_Dataset excerpts_:
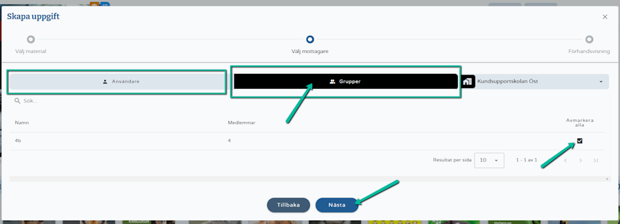 I steg två väljer du den grupp eller den/de elever du vill dela uppgifterna till. Via fliken Användare markerar den eller de elever som uppgifterna ska skickas till.
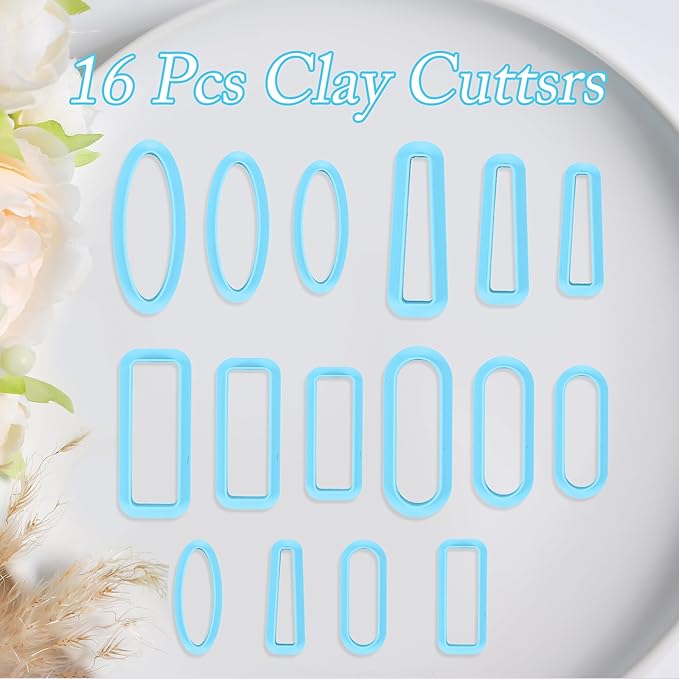 Sitsink Basic Polymer Clay Cutters -16 Pcs Dangle Clay Cutters for Polymer Clay Jewelry, Rectangle Polymer Clay Earring Cutters, Oval Clay Jewelry Cutters, Basic Drop Dangle Clay Earring Cutters
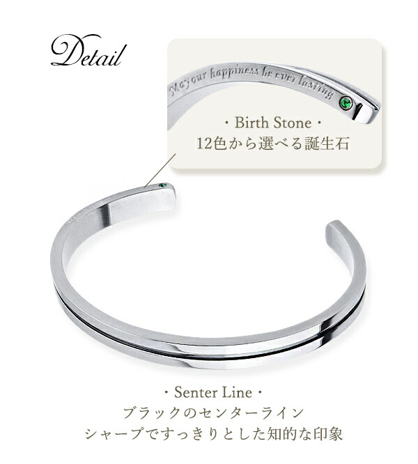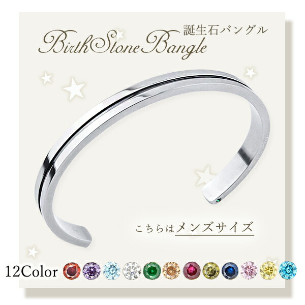 バングル 誕生石 センターライン 刻印 名入れ メッセージ 金属アレルギー バースストーン ピンク オープンバングル C型 ジルコニア ブレス ブレスレット メンズ 男性 カップル プチギフト プレゼント ギフト
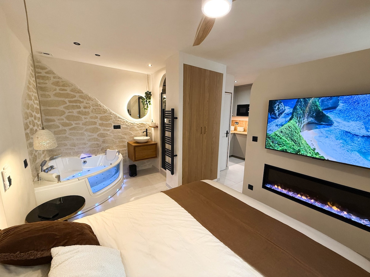 Concedetevi una parentesi esotica alle porte di Parigi. Questo bozzolo in stile balinese di 25 m² ben organizzato con jacuzzi e doccia a pioggia, vi immerge in un'atmosfera zen e che vi farà sentire come se foste in un altro paese. Perfetto per una fuga parigina con un'esperienza atipica in più, questo luogo vi offrirà un vero momento di relax. Camino decorativo, vasca idromassaggio con musica integrata, spazio accogliente… tutto è pensato per farvi viaggiare. Situato a Vanves, in una zona tranquilla, su un cortile interno.
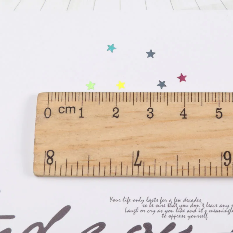 Материал: домашних животных. Толщина: Untrathin Форма: круглые плоские звезды Размер продукта: приблизительно 3 мм, (1 дюйм = 25,4 мм или 1 мм = 0,0393 дюйма) Цвет: 19 видов цветов, как на фото. Может быть небольшая разница в цвете, так как различные настройки контрастности светодиодного монитора. Упаковка: Вы получите 10 г блесток за лот по прайс-листу.
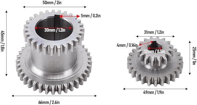 ギア仕様: このセットには、高さ45mm、穴の直径30mm、T37とT27の歯、スライド式の重複ギアが含まれ、高さ25mm、穴の直径12mm、T26とT16の歯
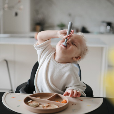 ¡Introduce a tu bebé en los alimentos sólidos con las cucharas de silicona de Mushie!
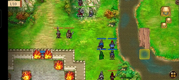 第一回合,三人移动到下图位置,张飞攻击一下,关羽打掉弓兵。
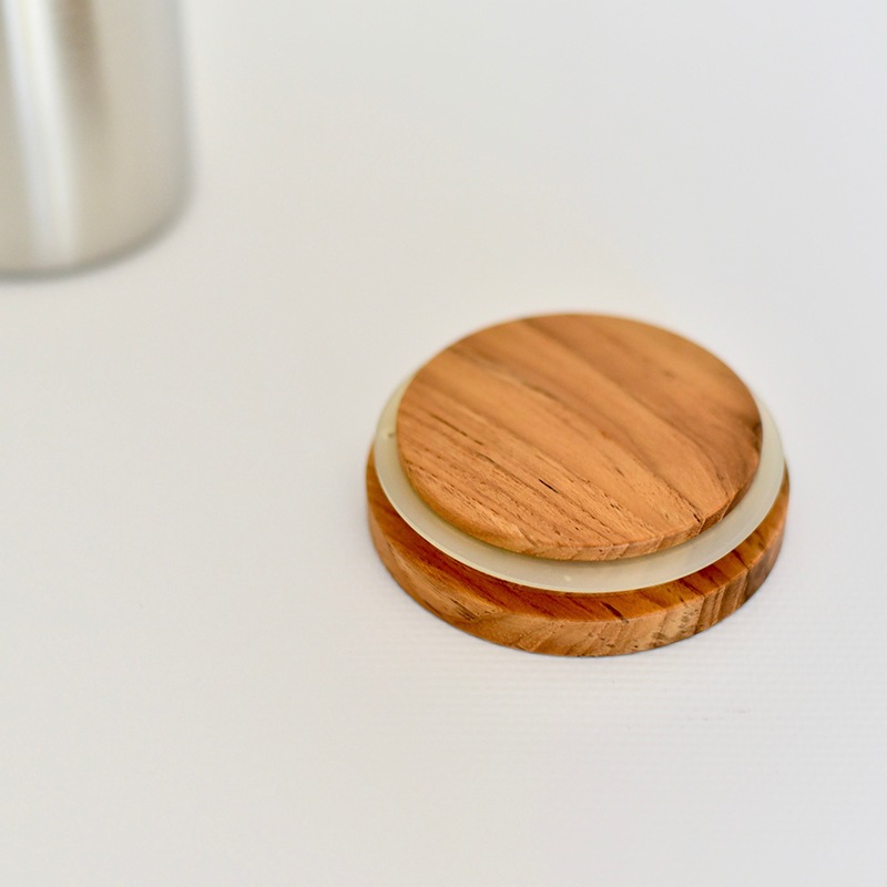 蓋のチーク材は無垢板、無染色のため木目、白太(白い部分)、節など個体差があります。製品の仕上がりには若干の個体差があることをご理解下さい。又、パッキンに黄ばみが生じる場合もありますが、これは木の色の影響を受けたもので使用に問題はございません。(不良ではありません)

_Description of the task_: Copy each record exactly. Leave any images out of the copy.

_Task result_:
 I steg två väljer du den grupp eller den/de elever du vill dela uppgifterna till. Via fliken Användare markerar den eller de elever som uppgifterna ska skickas till.
 Sitsink Basic Polymer Clay Cutters -16 Pcs Dangle Clay Cutters for Polymer Clay Jewelry, Rectangle Polymer Clay Earring Cutters, Oval Clay Jewelry Cutters, Basic Drop Dangle Clay Earring Cutters
 バングル 誕生石 センターライン 刻印 名入れ メッセージ 金属アレルギー バースストーン ピンク オープンバングル C型 ジルコニア ブレス ブレスレット メンズ 男性 カップル プチギフト プレゼント ギフト
 Concedetevi una parentesi esotica alle porte di Parigi. Questo bozzolo in stile balinese di 25 m² ben organizzato con jacuzzi e doccia a pioggia, vi immerge in un'atmosfera zen e che vi farà sentire come se foste in un altro paese. Perfetto per una fuga parigina con un'esperienza atipica in più, questo luogo vi offrirà un vero momento di relax. Camino decorativo, vasca idromassaggio con musica integrata, spazio accogliente… tutto è pensato per farvi viaggiare. Situato a Vanves, in una zona tranquilla, su un cortile interno.
 Материал: домашних животных. Толщина: Untrathin Форма: круглые плоские звезды Размер продукта: приблизительно 3 мм, (1 дюйм = 25,4 мм или 1 мм = 0,0393 дюйма) Цвет: 19 видов цветов, как на фото. Может быть небольшая разница в цвете, так как различные настройки контрастности светодиодного монитора. Упаковка: Вы получите 10 г блесток за лот по прайс-листу.
 ギア仕様: このセットには、高さ45mm、穴の直径30mm、T37とT27の歯、スライド式の重複ギアが含まれ、高さ25mm、穴の直径12mm、T26とT16の歯
 ¡Introduce a tu bebé en los alimentos sólidos con las cucharas de silicona de Mushie!
 第一回合,三人移动到下图位置,张飞攻击一下,关羽打掉弓兵。
 蓋のチーク材は無垢板、無染色のため木目、白太(白い部分)、節など個体差があります。製品の仕上がりには若干の個体差があることをご理解下さい。又、パッキンに黄ばみが生じる場合もありますが、これは木の色の影響を受けたもので使用に問題はございません。(不良ではありません)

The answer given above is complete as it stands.